Anyone able to provide me with a solution to this problem?
I came across this website whilst struggling with the following problem. Whilst I have found and read bits that have helped, I still can't solve this particular situation. I'm not a mathematician in any sense of the word so really would appreciate some help.
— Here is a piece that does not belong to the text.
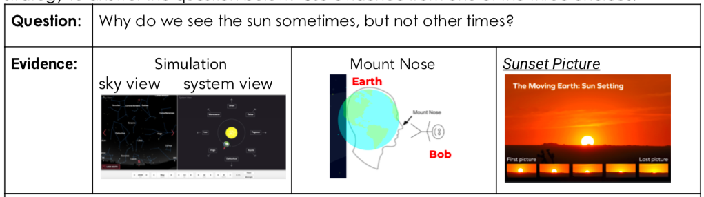 Evidence: In the (choose one: simulation, mount nose video, sunset picture) _______________ it shows ____________
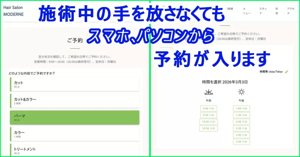スマホやパソコンから、自分で空き具合を見て、そこに予約を入れる……お店の人の手もわずらわせません。

I have 5 groups of people. 4 of the groups have 4 people and the other one has 2 people – so 18 people in total. I have to come up with a system to allow each of the people in each group to meet each other. The meetings need to be in groups of 3-4. Some quick and basic maths suggested to me to have 6 meetings of 3 people for 6 weeks. I just can't come up with the right algorithm to get this organised. I have literally spent hours on it and got no where.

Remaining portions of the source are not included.